According to the U.S. government, Equifax's data breach was done by China

According to the U.S. government, Equifax's data breach was done by China

The U.S. Department of Justice today charged that four members of the Chinese People's Liberation Army (PLA) carried out the 2017 Equifax hack.

"This was a deliberate and widespread intrusion into the personal information of American citizens," Attorney General William P. Barr said at a press conference today (February 10). [Today, we hold the PLA hackers accountable for their criminal conduct, and we remind the Chinese government that we have the ability to remove the cloak of Internet anonymity and find the hackers that that country has repeatedly deployed against us.

The Equifax hack stole the personal data of 146 million U.S. residents, exposing their names, addresses, dates of birth, and Social Security numbers. Approximately 400,000 Britons and 100,000 Canadians were also affected.

The indictment, secretly filed last week by a grand jury in Atlanta, where Equifax is based, charges Wu Zhiyong, Wang Qian, Xu Ke, and Liu Lei with, respectively, conspiracy to commit computer fraud, conspiracy to commit economic espionage, conspiracy to commit wire fraud, and unauthorized access to protected computers, intentional damage to a protected computer, economic espionage, and three counts of wire fraud, for a total of nine crimes.

It is not clear whether the four are civilians working for the PLA or active members of the Chinese military. The indictment does not state the ranks of the defendants, but says the four are members of the PLA's 54th Institute. (Update: A wanted poster posted online by the FBI shows photos of Wu and Xu, allegedly in military uniform.)

Suspicions that the Equifax hack was carried out by Chinese government agents surfaced shortly after the massive data theft was made public in September 2017.

Despite the fact that attackers reportedly accessed Equifax's systems between May and July of 2017 and that the stolen information put half of the U.S. population at serious risk of identity theft, the stolen data was sold on cybercrime marketplaces The data was never offered for sale on cybercrime marketplaces and was never used for other criminal purposes.

Other massive data thefts that did not result in increased criminal activity are believed to be the work of Chinese government agents. They include the Starwood Hotel information breach in early 2019 and the devastating 2015 Office of Personnel Management information breach in which the records of 21.5 million current, former, and prospective U.S. government employees were stolen.

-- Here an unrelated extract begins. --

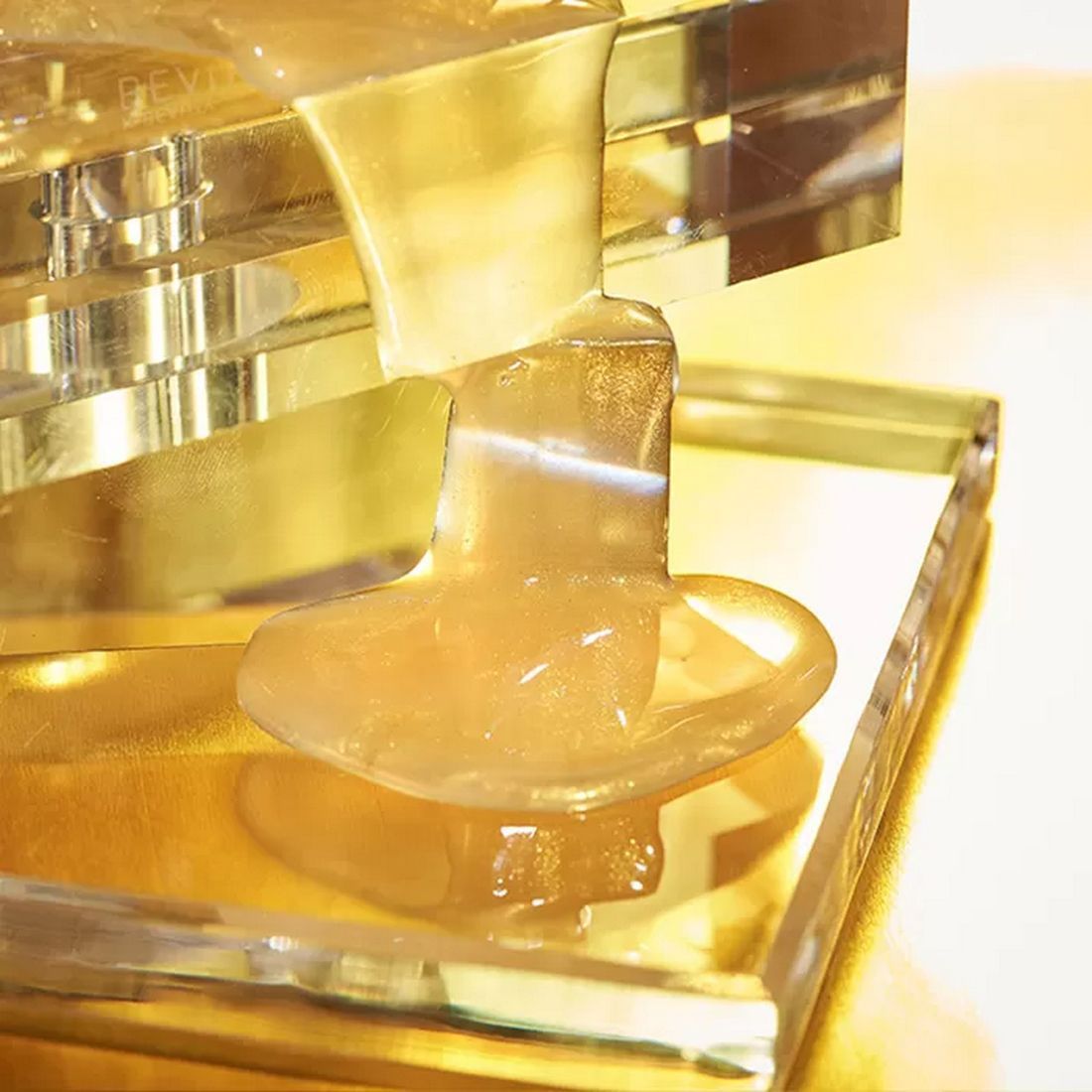 Плёночная очищающая маска с золотыми частицами. Она эффективно отшелушивает ороговевшие клетки, вытягивает сальные пробки, выводит шлаки и токсины, придаёт лицу свежий и ухоженный вид. Экстракт мёда активизирует регенерацию тканей, гармонизирует микрофлору, способствует заживлению повреждений, успокаивает раздражения, выводит шлаки и пробуждает иммунитет. Экстракт камелии играет мощную антиоксидантную роль. Он отражает напор свободных радикалов, защищает клетки от окислительного стресса, предотвращает разрушение тканей и замедляет процесс старения. Пантенол стимулирует заживление тканей, успокаивает воспаления и оберегает кожу от негативных внешних воздействий. Аллантоинтотшелушивает ороговевшие клетки, снимает раздражение и зуд, предотвращает образование комедонов и сальных пробок. Экстракты ромашки, розмарина, лаванды, жасмина, чабреца, шалфея и других успокаивающих растений, которые борются с раздражениями, насыщают ткани ценными микроэлементами и укрепляют здоровье кожи. Коллоидное золото стимулирует метаболические процессы в тканях, улучшает кровообращение, выводит шлаки, восстанавливает эластичность и упругость дермы.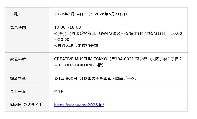 キタムラ・ホールディングス グループのピックハイブ株式会社(本社:東京都新宿区、代表取締役社長 兼 COO:大迫 由典)が運営するセルフフォトブランド「Photomatic(読み:フォトマティック)」は、2026年3月14日(土)より東京・京橋のCREATIVE MUSEUM TOKYOにて開催される、アーティスト・空山基氏による過去最大規模の回顧展『SORAYAMA 光・透明・反射 ーTOKYOー』にセルフフォトブースを設置いたします。回顧展の開催を記念し、空山基氏の作品をデザインした限定フレームで撮影をお楽しみいただけます。

The prevailing theory among U.S. experts is that Chinese intelligence agencies are using this data to find and track the movements of Western politicians, military leaders, corporate executives, and intelligence officers.

Equifax is in the process of settling a $380 million class action lawsuit related to the information breach. The window to file for compensation related to the information breach has recently closed, but it seems unlikely that individual claimants will get much.